[Stored records]
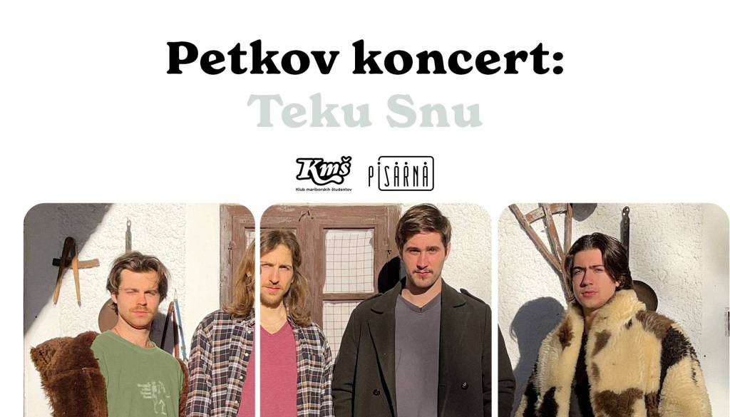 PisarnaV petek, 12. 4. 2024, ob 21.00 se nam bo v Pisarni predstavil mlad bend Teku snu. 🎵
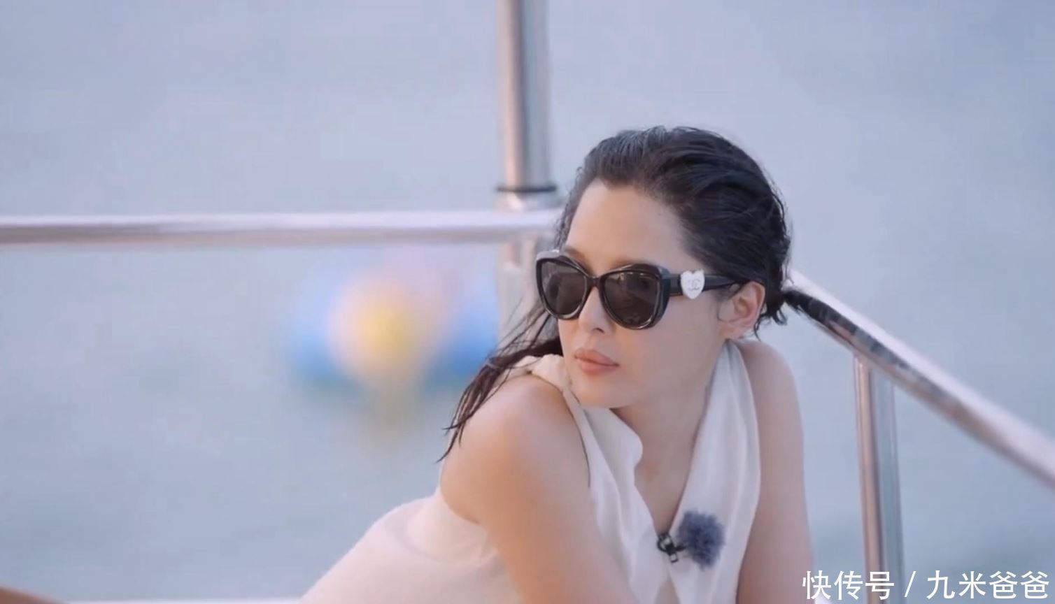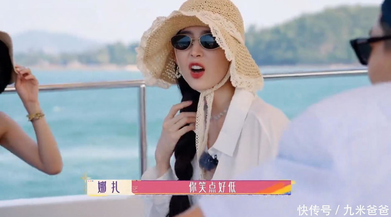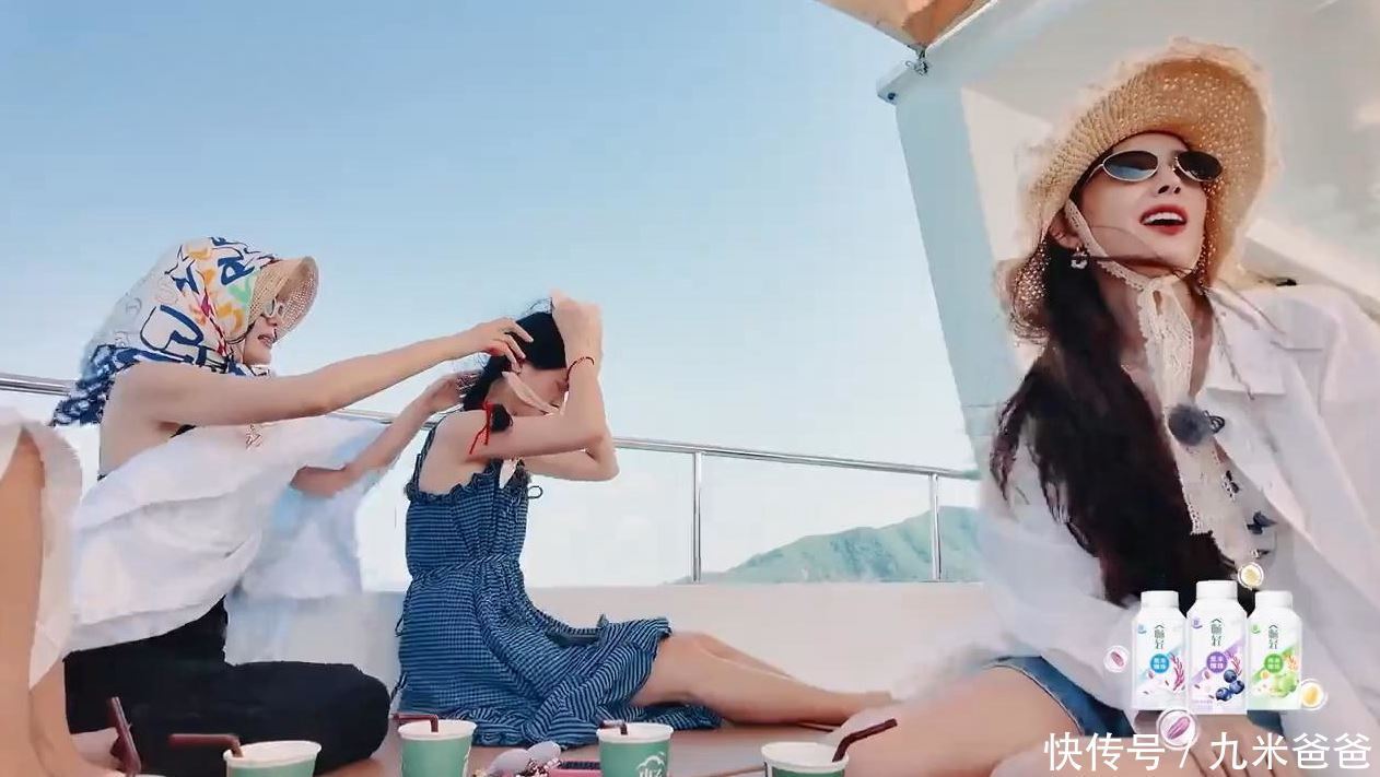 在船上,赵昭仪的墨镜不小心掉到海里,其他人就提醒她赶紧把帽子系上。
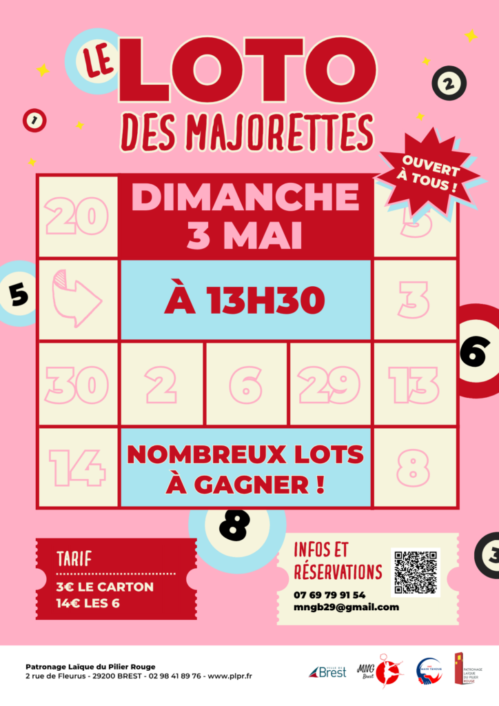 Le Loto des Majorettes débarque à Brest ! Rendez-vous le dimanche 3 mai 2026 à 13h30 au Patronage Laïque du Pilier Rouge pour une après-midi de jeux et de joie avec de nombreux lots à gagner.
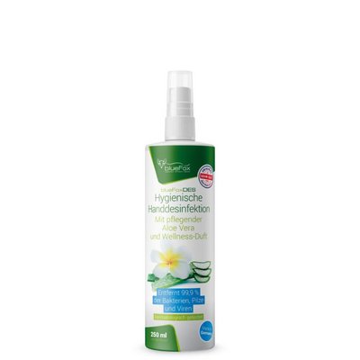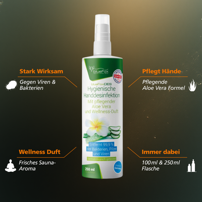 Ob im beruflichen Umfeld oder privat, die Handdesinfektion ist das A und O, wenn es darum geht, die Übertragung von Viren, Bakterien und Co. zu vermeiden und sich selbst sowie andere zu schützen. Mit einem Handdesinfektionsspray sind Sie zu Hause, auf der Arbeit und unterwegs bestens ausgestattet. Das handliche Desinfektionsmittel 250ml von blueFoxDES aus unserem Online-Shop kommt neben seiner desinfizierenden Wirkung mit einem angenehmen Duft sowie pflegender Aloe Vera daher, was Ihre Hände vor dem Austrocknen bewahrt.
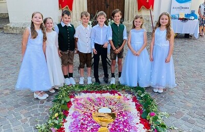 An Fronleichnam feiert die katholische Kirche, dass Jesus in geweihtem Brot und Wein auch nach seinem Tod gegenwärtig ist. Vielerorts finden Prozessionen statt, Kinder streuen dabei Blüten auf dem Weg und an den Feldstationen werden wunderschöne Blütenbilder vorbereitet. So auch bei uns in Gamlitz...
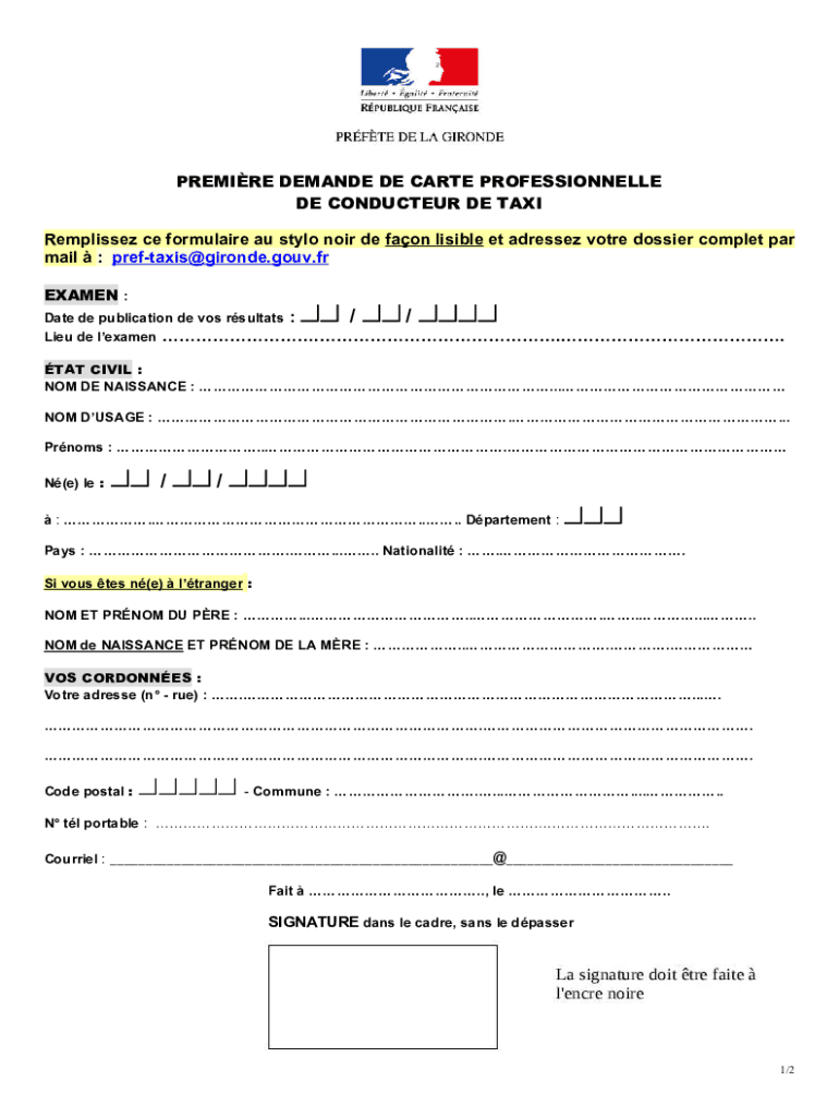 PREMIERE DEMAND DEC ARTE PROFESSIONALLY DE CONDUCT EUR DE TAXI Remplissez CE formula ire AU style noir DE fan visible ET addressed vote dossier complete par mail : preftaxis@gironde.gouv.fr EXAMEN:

[Requirement] Your answer should be the lines from the first record down to the line containing "Le Loto des", restated exactly, with no pictures.

[Answer to this task]
 PisarnaV petek, 12. 4. 2024, ob 21.00 se nam bo v Pisarni predstavil mlad bend Teku snu. 🎵
 在船上,赵昭仪的墨镜不小心掉到海里,其他人就提醒她赶紧把帽子系上。
 Le Loto des Majorettes débarque à Brest ! Rendez-vous le dimanche 3 mai 2026 à 13h30 au Patronage Laïque du Pilier Rouge pour une après-midi de jeux et de joie avec de nombreux lots à gagner.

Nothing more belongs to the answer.